Syntax highlighting certain Unicode characters

  • Hi. I’m proofreading some OCR’ed text in NPP and it contains some Cyrillic (among other things). Since several Cyrillic letters are of exactly the same shape as certain Latin letters, but of course they go by different code, I would like to syntax highlight them to be sure what am I seeing. Is that possible, please?

  • NB. For the time being, I quasi-solved it by creating a delimiter style to highlight between characters { and } and performed a regex replacement of [complete cyrillic alphabet here]+ to {$0} thus enclosing any Cyrillic character or word between { } braces. But this isn’t very nice of course.

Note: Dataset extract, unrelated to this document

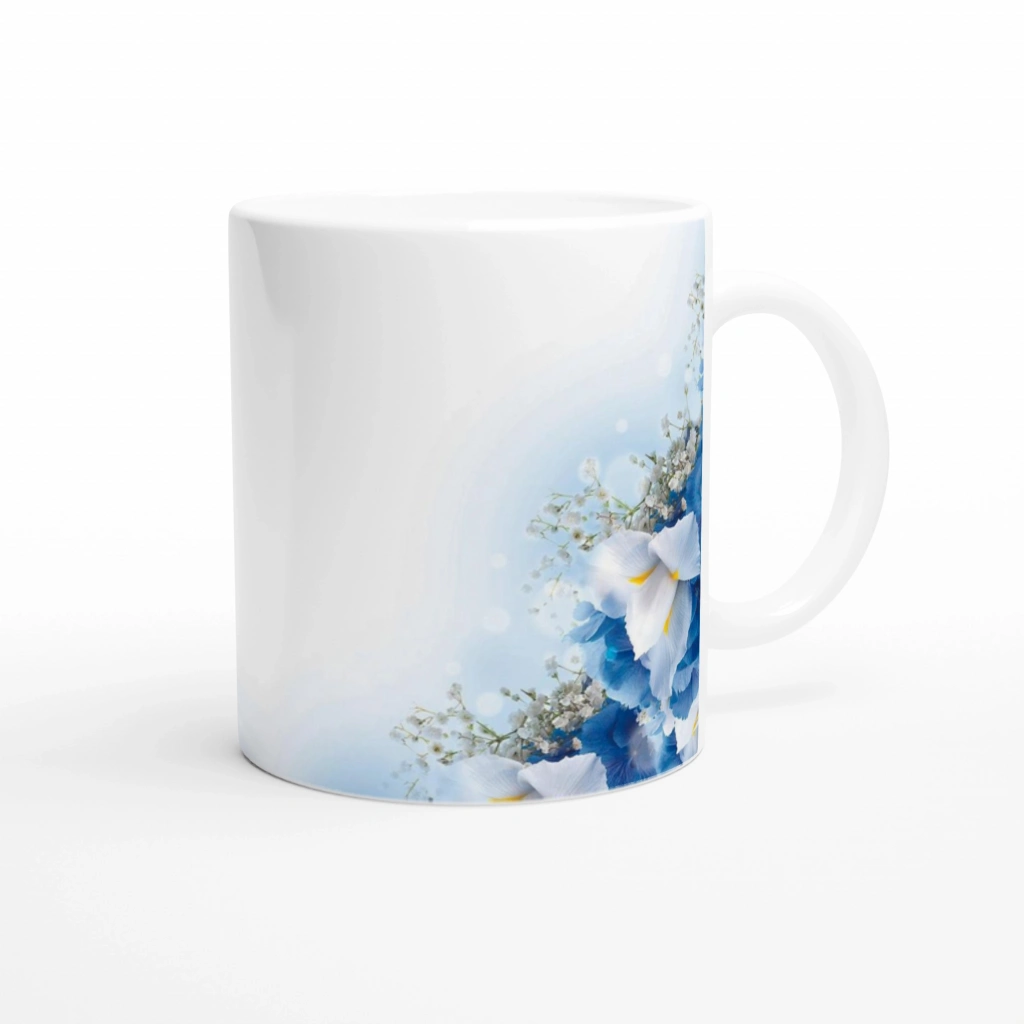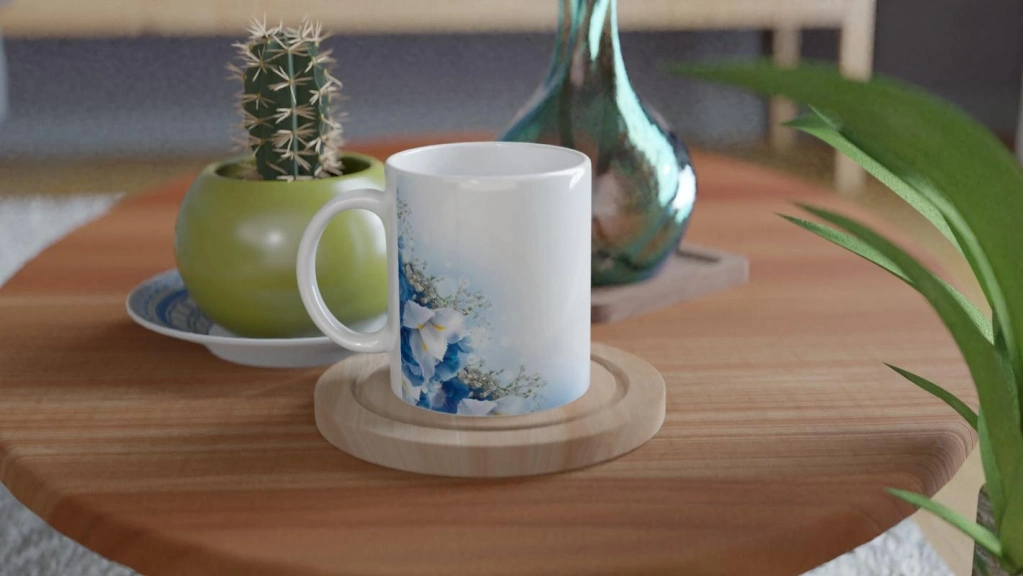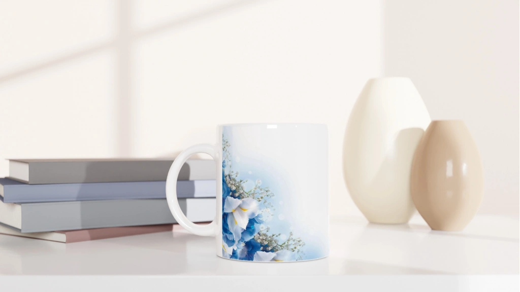 Mavi Beyaz Zarif Çiçek Desenli Kupa Bardak, beyaz fon üzerine yumuşak geçişli mavi tonları ve narin çiçek detaylarıyla öne çıkar. Günün her anında dinginlik ve şıklık sunan bu model, estetik duruşuyla hediye olarak da tercih edilebilir.

  • Cannot be solved via UDL, afaik.
    Two possible solutions might be to mark the regex matches instead of replacing it (4th tab of find/reaplce dialog)
    or to use a scripting plugin like pythonscript, lua script … to write your own quasi-lexer.

  • Sorry to hear that, @Ekopalypse, but actually, I know nothing of either Python or Lua, nor about the programming of NPP. So, this won’t be solved. Thank you for letting me know.

  • @Láng-Attila-D

    I hope we haven’t misunderstood each other but

    mark the regex matches instead of replacing it (4th tab of find/reaplce dialog)

    doesn’t involve any programming and doesn’t manipulate your text either.

  • Oh, I see. I wasn’t aware about that function. Well, it’s nice, too. The only problem is that it doesn’t remain so after reopening the document. Well, better than nothing. Thank you.

  • @Láng-Attila-D

    strictily speaking, UDL does not remain too but get automatically reapplied.
    One further thing you can do is to record a macro, save the action and assign
    a shortcut then you have to just press that shortcut and the regex marks get reapplied as well.